Records from a collection:

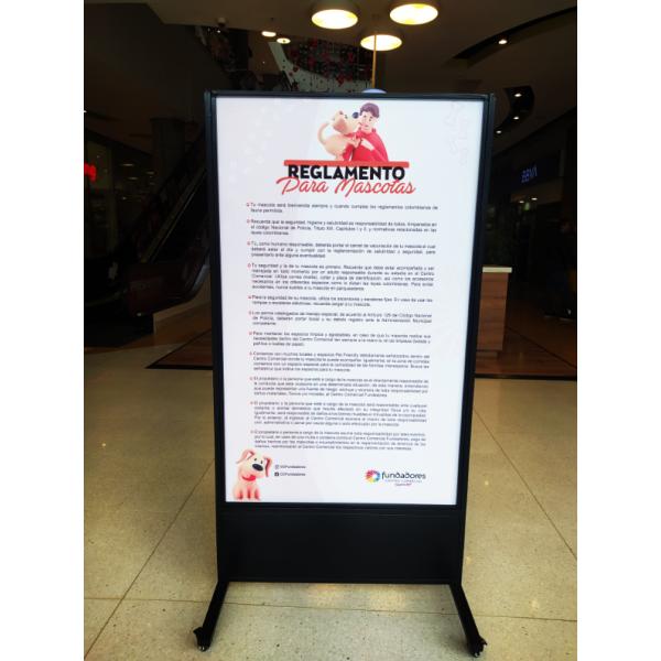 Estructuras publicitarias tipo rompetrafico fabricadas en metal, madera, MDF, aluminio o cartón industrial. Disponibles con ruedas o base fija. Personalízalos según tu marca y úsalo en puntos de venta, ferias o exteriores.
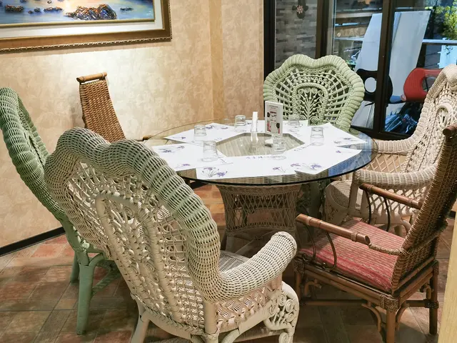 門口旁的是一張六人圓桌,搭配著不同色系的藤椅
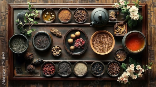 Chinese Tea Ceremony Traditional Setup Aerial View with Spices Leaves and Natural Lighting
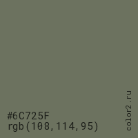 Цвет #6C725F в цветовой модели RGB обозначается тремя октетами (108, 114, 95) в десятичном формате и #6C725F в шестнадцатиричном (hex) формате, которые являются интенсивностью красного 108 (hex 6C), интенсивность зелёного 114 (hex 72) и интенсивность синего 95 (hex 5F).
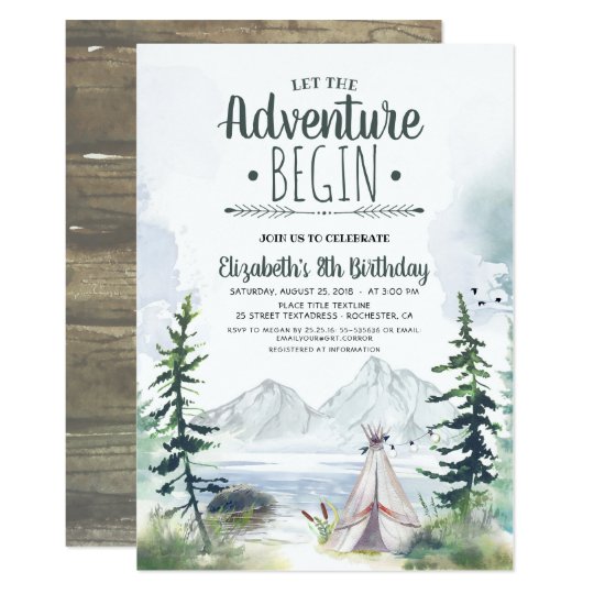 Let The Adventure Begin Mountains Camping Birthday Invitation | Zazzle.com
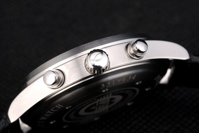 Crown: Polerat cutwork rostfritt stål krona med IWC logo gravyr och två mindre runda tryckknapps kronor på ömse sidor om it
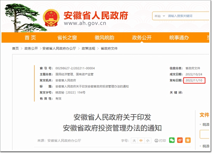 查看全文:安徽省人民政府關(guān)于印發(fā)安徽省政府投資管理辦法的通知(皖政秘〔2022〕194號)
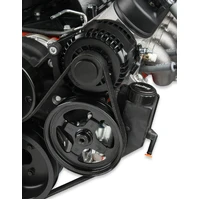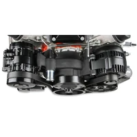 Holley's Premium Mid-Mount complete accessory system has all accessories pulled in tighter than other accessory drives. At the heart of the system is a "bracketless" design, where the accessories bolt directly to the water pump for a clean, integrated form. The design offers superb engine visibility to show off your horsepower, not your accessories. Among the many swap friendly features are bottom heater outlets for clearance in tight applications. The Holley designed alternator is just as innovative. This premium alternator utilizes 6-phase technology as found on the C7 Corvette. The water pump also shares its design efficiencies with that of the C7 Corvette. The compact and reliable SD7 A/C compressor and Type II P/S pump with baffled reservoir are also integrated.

...

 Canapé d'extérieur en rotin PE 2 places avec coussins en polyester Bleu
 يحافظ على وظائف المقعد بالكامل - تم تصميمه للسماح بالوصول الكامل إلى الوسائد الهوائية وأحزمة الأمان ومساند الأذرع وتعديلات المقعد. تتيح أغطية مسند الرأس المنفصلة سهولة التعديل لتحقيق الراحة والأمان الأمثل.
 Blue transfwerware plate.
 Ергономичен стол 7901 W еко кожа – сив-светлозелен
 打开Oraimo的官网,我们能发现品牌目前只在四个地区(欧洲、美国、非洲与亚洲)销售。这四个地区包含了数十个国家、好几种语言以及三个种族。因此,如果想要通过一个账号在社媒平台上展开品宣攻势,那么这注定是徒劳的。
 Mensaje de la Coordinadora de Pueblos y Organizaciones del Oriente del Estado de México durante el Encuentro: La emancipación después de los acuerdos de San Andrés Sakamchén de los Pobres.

_INSTRUCTIONS TO FOLLOW:_ If a picture sits between the line containing "Estructuras publicitarias tipo" and the line containing "Let The Adventure", leave it out, and return the lines of that range above exactly, both ends included.

_REPLY:_
 Estructuras publicitarias tipo rompetrafico fabricadas en metal, madera, MDF, aluminio o cartón industrial. Disponibles con ruedas o base fija. Personalízalos según tu marca y úsalo en puntos de venta, ferias o exteriores.
 門口旁的是一張六人圓桌,搭配著不同色系的藤椅
 Chinese Tea Ceremony Traditional Setup Aerial View with Spices Leaves and Natural Lighting
 Цвет #6C725F в цветовой модели RGB обозначается тремя октетами (108, 114, 95) в десятичном формате и #6C725F в шестнадцатиричном (hex) формате, которые являются интенсивностью красного 108 (hex 6C), интенсивность зелёного 114 (hex 72) и интенсивность синего 95 (hex 5F).
 Let The Adventure Begin Mountains Camping Birthday Invitation | Zazzle.com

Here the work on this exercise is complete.